Darksiders is a different beast. It represents the adolescent power fantasy (questing for power, violent conquest, and “cool” demonic imagery). But it’s also one of the first big games to tackle the Book of Revelation. Yes, it’s a loose take on all that (with some confusing spiritual imagery). And Jesus is completely absent from their narrative. But it was a step in the right direction for a discussion of religion and games, even if it did so clumsily.
I don’t think I ever made a sacrifice to demons. Though, the currency in that game is the souls of the enemies you defeat. So I guess that’s kinda gross.
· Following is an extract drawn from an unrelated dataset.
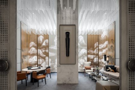 Located near Xuzhou in Yunlong Mountain – whose name originates from its nine dragon-like peaks – the Yunlong Club is another example of Virginie Moriette and Ming Xu’s penchant for the exploration of opposites and of the notion of balance. Here, nature and culture, inside and outside, eastern elegance and contemporary chic, past and present coexist to create a new type of cosiness perfectly in tune with the surrounding environment. The club is divided into three floors. A lounge and restaurant on the ground floor, and a reception area on the first floor, are visually linked by a clever use of transparent partitioning that conveys a sense of airiness and openness. This feeling is also present in the large floor to-ceiling windows connecting the restaurant spaces with the sunken exterior courtyard decorated with many green bamboo plants. The upper floor is occupied by meeting rooms and private dining rooms, all framed by a ceiling reminiscent of the original pitched roof from modern Huizhou architecture. The rooms are furnished with simplified – thus more suitable to commercial use – versions of Studio MVW’s classic Cotton and Louis Ming Chairs. The notion of integration goes beyond the geographic or topographic aspects to incorporate a strong cultural dimension, particularly perceptible in the use of materials. Bronze, which is associated with the craftsmanship and cultural heritage of the Chu and Han dynasties and notably with the city of Xuzhou, is extensively used throughout the club to reinforce its connection with its historical and local context. On the third floor, a bronze chandelier evokes the bells found in Ancient China while copper, which is used in the round barrel stools of the reception area and in the lamps of the bottom floor, infuses the spaces with warmth and gives them a very special patina. Another strong component of the club’s architecture is the recurring play on light and shadow. The windows in the reception area, which open onto a view of the South Lake, feature an “ink painting” of the mountains made of laser-cut aluminium plates that let in natural light during the day and becomes a modern landscape painting at night, as the light coming from inside turns it into a photographic negative. On the other side of the room, a digitally synthesized bamboo image covers the glass delimitating the staircase, echoing the themes of nature and light. Perforated panels on the ceiling of the top floor reiterate lighting effects and evoke a mashrabiya-like, modern artwork. Envisioned as a core element of the architecture, light is neither just functional nor ornamental, it is also used symbolically to convey the idea of a strong vital force, an energy coming from the past and projecting the space into the future. The traditional candlestick, which inspired the design of a specially made copper hanger, evokes permanence and change through the image of a flame – a felicitous choice for a club whose design is anything but frozen and materialises all at once the roots of yesterday and the energy of tomorrow.

But that’s kinda par for the course.
My main attitude going into games is to discover where they’re maturing, not where they’re not. I’m not going to play God of War: Ascension. I’m not the least bit interested in Call of Duty. In my mind, these games are recessive, not adding anything to the medium in a meaningful way. Sure they may have refined the basic mechanics of violent conquest. But I want something that draws me into being a better human. I know that’s a tall order. But if you follow the games I write about, you might get converted (as I already am).